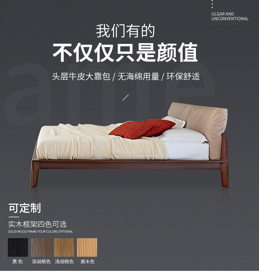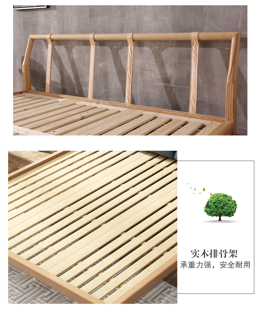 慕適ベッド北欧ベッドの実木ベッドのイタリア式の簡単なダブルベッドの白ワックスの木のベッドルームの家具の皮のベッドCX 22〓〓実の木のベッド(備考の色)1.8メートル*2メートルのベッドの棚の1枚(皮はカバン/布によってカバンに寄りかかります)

---

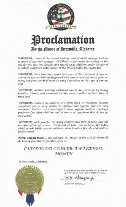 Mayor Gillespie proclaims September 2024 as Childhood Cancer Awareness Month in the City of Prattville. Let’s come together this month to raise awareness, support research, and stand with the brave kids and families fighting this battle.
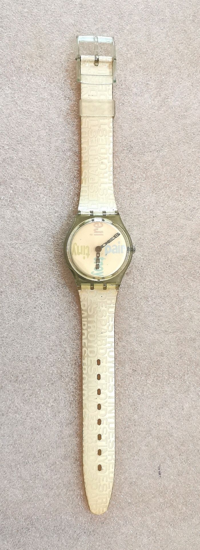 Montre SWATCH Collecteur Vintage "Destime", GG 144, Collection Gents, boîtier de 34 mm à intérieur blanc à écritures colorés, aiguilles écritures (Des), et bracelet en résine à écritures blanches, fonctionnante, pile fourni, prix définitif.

» What needs to be done: Give back, exactly and without pictures, the stretch of the records above from the line containing "Mayor Gillespie proclaims" through the line containing "Montre SWATCH Collecteur", with both end lines included.

» Result for this task:
 Mayor Gillespie proclaims September 2024 as Childhood Cancer Awareness Month in the City of Prattville. Let’s come together this month to raise awareness, support research, and stand with the brave kids and families fighting this battle.
 Montre SWATCH Collecteur Vintage "Destime", GG 144, Collection Gents, boîtier de 34 mm à intérieur blanc à écritures colorés, aiguilles écritures (Des), et bracelet en résine à écritures blanches, fonctionnante, pile fourni, prix définitif.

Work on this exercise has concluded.